ACTION ITEM
When you transcribe the entries below, begin at their first line and stop after the line containing "wedding, and anniversary"; pictures stay out.

=== RECORDS FOR THE TASK ===

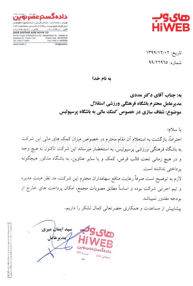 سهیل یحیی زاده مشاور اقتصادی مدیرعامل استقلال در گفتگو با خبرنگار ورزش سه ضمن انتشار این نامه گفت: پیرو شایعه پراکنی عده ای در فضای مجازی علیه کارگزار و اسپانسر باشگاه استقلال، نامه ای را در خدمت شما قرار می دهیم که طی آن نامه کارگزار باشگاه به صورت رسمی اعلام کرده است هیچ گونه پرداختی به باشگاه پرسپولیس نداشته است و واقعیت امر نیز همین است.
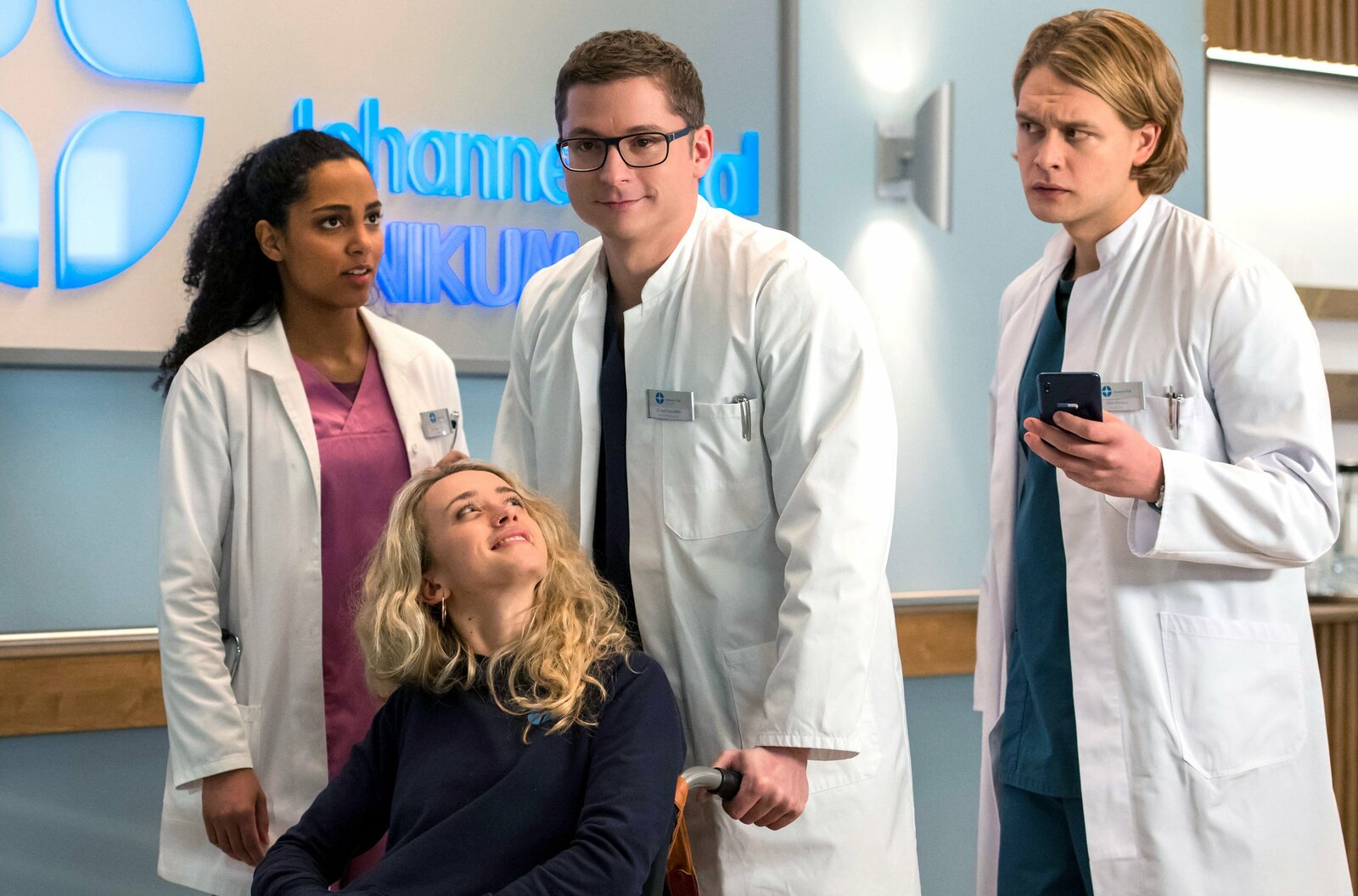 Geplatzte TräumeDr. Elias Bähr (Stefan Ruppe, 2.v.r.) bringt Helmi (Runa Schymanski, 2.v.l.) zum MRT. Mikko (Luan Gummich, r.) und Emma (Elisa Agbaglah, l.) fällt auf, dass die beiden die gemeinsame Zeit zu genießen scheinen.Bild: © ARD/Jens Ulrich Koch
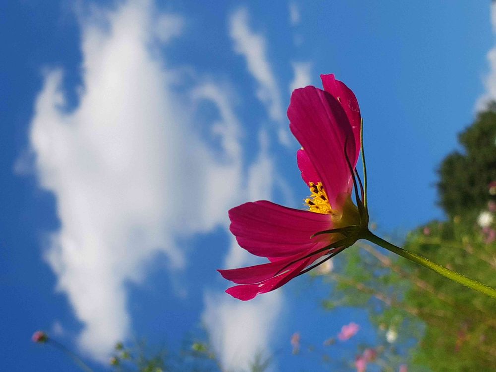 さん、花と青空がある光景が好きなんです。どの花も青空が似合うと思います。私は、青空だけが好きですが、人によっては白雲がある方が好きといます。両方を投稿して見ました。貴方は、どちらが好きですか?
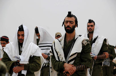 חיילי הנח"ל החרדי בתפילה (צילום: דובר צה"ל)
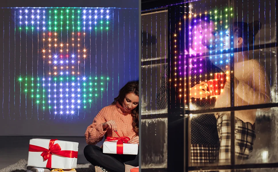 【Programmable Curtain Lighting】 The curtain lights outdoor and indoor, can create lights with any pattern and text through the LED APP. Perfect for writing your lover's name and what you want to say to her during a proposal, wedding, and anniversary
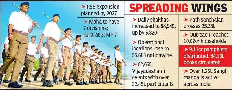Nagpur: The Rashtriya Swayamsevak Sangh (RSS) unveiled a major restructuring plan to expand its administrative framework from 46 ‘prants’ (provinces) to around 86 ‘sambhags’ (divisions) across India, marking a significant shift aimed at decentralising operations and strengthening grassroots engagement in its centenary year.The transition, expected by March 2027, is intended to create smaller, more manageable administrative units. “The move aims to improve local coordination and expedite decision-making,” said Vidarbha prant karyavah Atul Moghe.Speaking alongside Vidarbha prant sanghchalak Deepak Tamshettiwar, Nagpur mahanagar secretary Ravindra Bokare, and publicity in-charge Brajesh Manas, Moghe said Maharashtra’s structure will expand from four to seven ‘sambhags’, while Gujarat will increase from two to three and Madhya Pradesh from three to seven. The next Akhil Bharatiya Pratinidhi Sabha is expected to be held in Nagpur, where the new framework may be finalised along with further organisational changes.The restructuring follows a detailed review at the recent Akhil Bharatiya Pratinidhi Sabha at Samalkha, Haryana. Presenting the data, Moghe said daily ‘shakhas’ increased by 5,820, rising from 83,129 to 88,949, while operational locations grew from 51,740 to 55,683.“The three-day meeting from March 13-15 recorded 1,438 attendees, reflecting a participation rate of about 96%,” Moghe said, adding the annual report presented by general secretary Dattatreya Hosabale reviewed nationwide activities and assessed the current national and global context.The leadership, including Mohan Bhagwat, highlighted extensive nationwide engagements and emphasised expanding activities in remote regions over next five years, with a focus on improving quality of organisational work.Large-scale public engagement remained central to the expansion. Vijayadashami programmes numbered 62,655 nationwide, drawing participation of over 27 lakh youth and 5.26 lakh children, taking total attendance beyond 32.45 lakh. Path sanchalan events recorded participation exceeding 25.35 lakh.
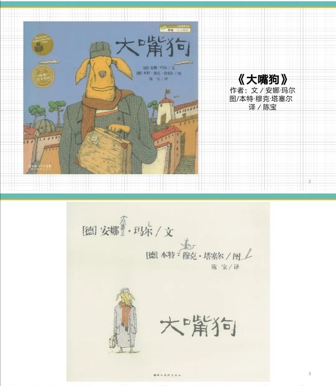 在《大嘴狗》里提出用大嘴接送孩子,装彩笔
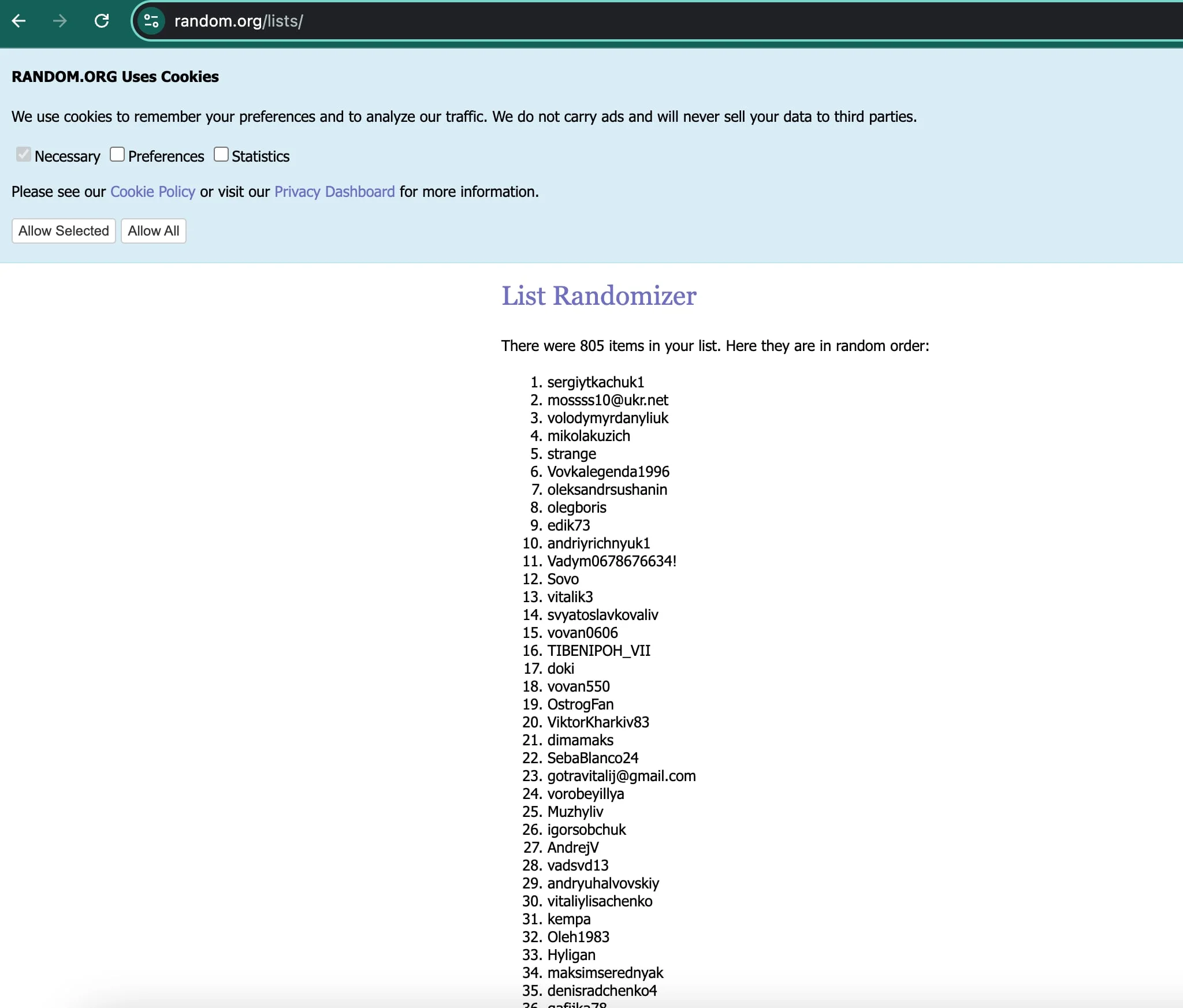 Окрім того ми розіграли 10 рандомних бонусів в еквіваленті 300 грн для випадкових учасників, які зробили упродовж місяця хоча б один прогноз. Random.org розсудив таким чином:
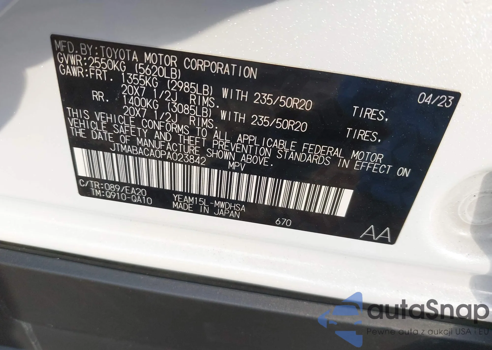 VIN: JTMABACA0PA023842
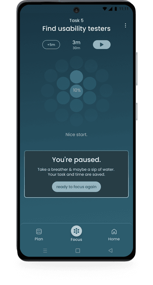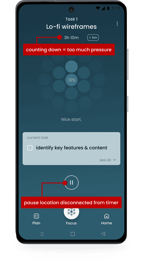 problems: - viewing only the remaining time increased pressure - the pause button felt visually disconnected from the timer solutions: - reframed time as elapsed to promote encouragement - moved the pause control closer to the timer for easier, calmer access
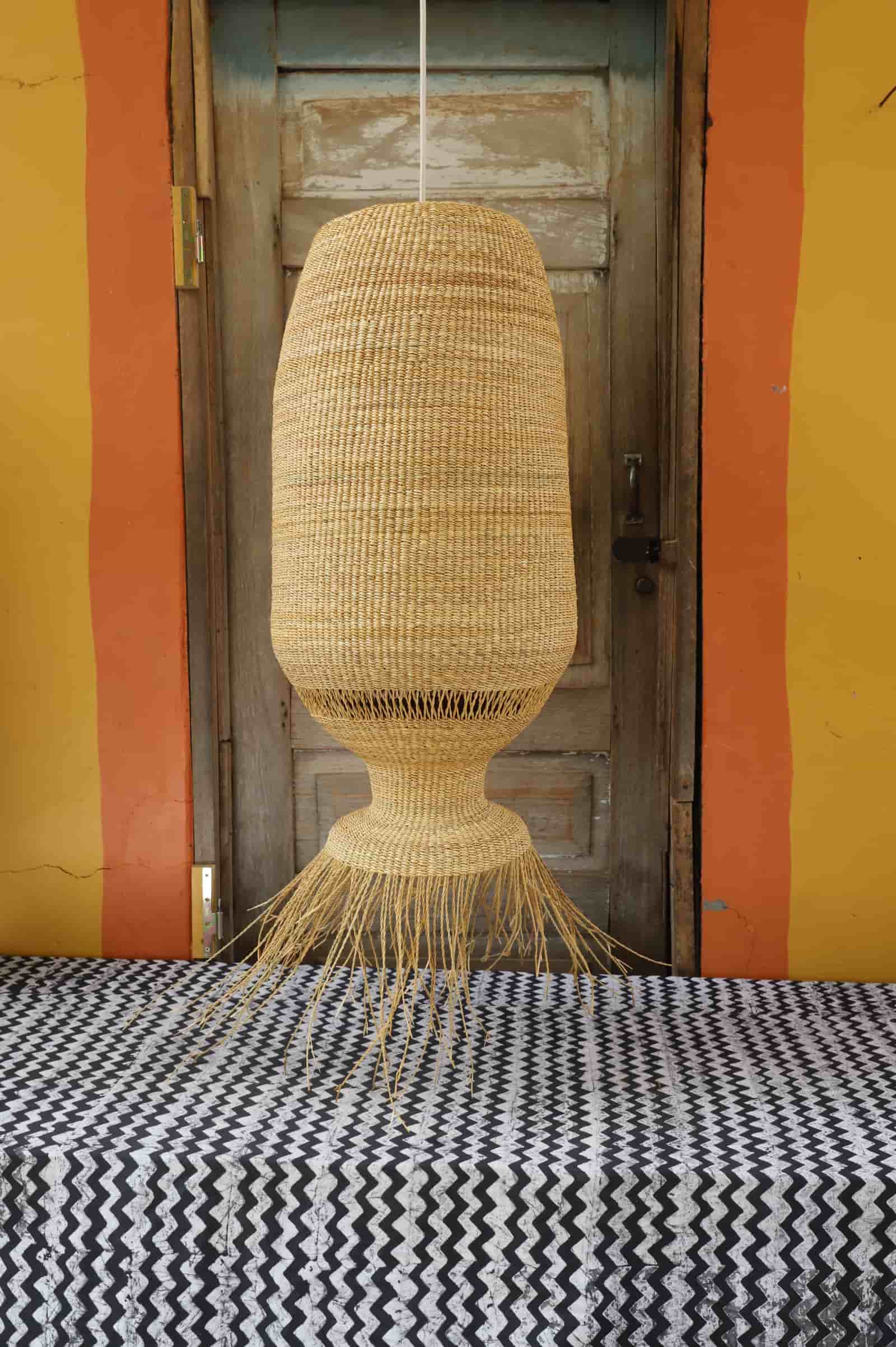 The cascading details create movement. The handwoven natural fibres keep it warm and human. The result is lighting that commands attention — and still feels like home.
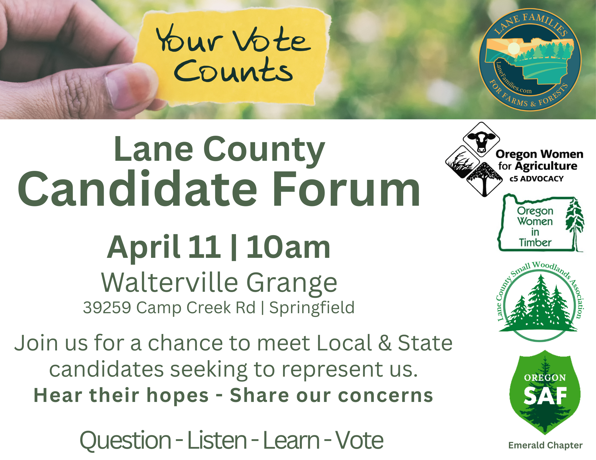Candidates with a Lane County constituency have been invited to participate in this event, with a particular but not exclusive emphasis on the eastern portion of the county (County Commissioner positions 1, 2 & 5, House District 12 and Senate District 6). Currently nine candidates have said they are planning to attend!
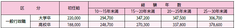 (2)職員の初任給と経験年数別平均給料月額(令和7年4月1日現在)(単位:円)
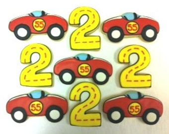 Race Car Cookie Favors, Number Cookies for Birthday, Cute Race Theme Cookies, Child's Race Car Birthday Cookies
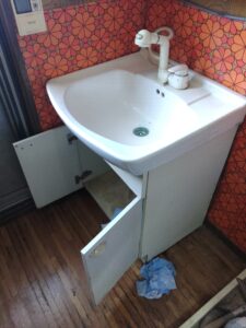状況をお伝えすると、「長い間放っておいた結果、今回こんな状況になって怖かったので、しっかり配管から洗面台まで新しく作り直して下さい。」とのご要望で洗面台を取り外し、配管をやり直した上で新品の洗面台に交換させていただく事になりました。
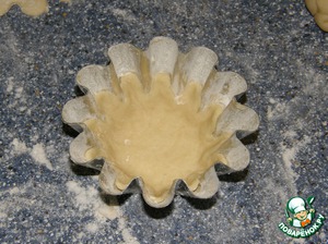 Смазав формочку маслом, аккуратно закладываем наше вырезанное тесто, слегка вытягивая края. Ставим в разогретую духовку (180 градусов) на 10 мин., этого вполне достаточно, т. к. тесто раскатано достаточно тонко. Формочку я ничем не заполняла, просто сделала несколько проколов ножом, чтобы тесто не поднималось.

===

SOLUTION TO THIS EXERCISE
 سهیل یحیی زاده مشاور اقتصادی مدیرعامل استقلال در گفتگو با خبرنگار ورزش سه ضمن انتشار این نامه گفت: پیرو شایعه پراکنی عده ای در فضای مجازی علیه کارگزار و اسپانسر باشگاه استقلال، نامه ای را در خدمت شما قرار می دهیم که طی آن نامه کارگزار باشگاه به صورت رسمی اعلام کرده است هیچ گونه پرداختی به باشگاه پرسپولیس نداشته است و واقعیت امر نیز همین است.
 Geplatzte TräumeDr. Elias Bähr (Stefan Ruppe, 2.v.r.) bringt Helmi (Runa Schymanski, 2.v.l.) zum MRT. Mikko (Luan Gummich, r.) und Emma (Elisa Agbaglah, l.) fällt auf, dass die beiden die gemeinsame Zeit zu genießen scheinen.Bild: © ARD/Jens Ulrich Koch
 さん、花と青空がある光景が好きなんです。どの花も青空が似合うと思います。私は、青空だけが好きですが、人によっては白雲がある方が好きといます。両方を投稿して見ました。貴方は、どちらが好きですか?
 חיילי הנח"ל החרדי בתפילה (צילום: דובר צה"ל)
 【Programmable Curtain Lighting】 The curtain lights outdoor and indoor, can create lights with any pattern and text through the LED APP. Perfect for writing your lover's name and what you want to say to her during a proposal, wedding, and anniversary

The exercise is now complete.